Records from a data collection
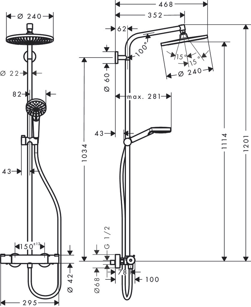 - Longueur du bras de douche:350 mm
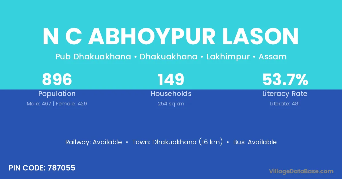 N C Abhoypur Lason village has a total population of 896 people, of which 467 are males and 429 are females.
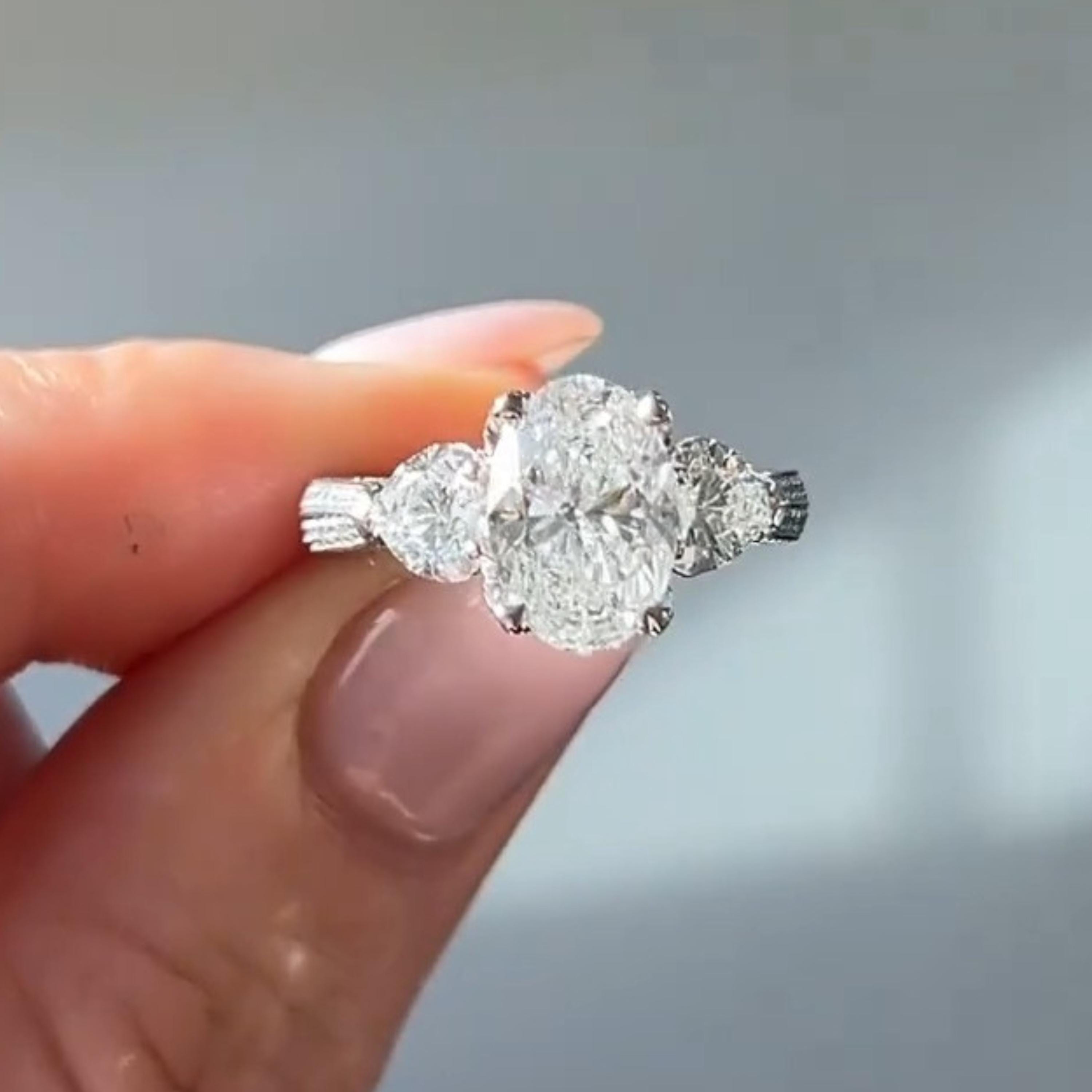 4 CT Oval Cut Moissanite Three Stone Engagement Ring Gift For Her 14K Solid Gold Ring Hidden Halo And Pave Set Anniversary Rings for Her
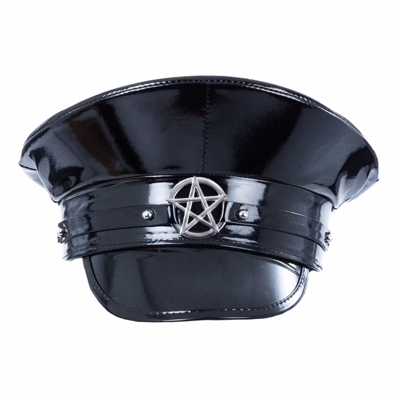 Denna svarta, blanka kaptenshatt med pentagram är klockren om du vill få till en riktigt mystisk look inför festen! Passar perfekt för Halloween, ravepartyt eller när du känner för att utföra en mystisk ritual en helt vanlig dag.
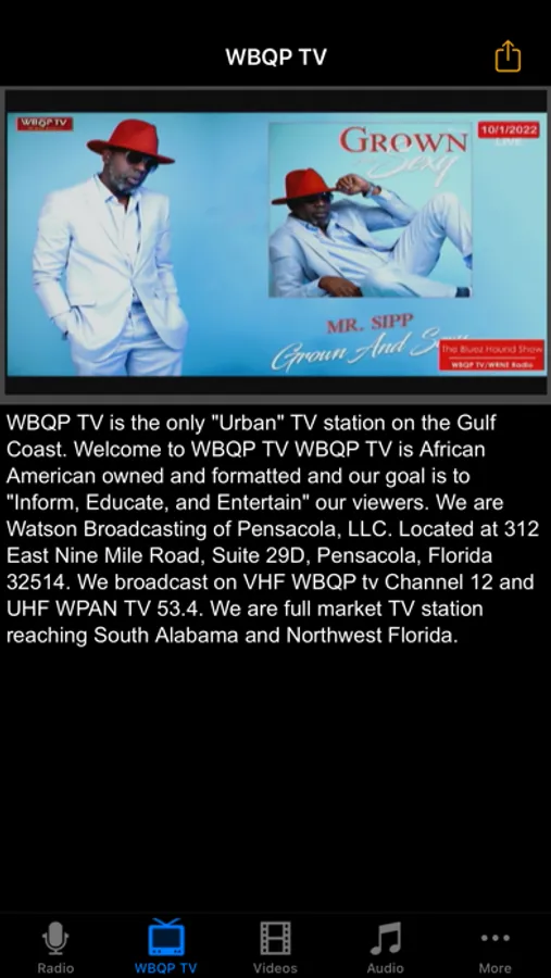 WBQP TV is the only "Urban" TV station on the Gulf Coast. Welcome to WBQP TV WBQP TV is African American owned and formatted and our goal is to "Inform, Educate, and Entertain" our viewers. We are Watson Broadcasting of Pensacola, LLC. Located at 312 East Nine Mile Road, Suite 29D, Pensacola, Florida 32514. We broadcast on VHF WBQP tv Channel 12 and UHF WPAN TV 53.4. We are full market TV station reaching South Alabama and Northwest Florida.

Work request
Your job is to copy each entry exactly as written; the pictures do not go in.

Final answer
 - Longueur du bras de douche:350 mm
 N C Abhoypur Lason village has a total population of 896 people, of which 467 are males and 429 are females.
 4 CT Oval Cut Moissanite Three Stone Engagement Ring Gift For Her 14K Solid Gold Ring Hidden Halo And Pave Set Anniversary Rings for Her
 Denna svarta, blanka kaptenshatt med pentagram är klockren om du vill få till en riktigt mystisk look inför festen! Passar perfekt för Halloween, ravepartyt eller när du känner för att utföra en mystisk ritual en helt vanlig dag.
 WBQP TV is the only "Urban" TV station on the Gulf Coast. Welcome to WBQP TV WBQP TV is African American owned and formatted and our goal is to "Inform, Educate, and Entertain" our viewers. We are Watson Broadcasting of Pensacola, LLC. Located at 312 East Nine Mile Road, Suite 29D, Pensacola, Florida 32514. We broadcast on VHF WBQP tv Channel 12 and UHF WPAN TV 53.4. We are full market TV station reaching South Alabama and Northwest Florida.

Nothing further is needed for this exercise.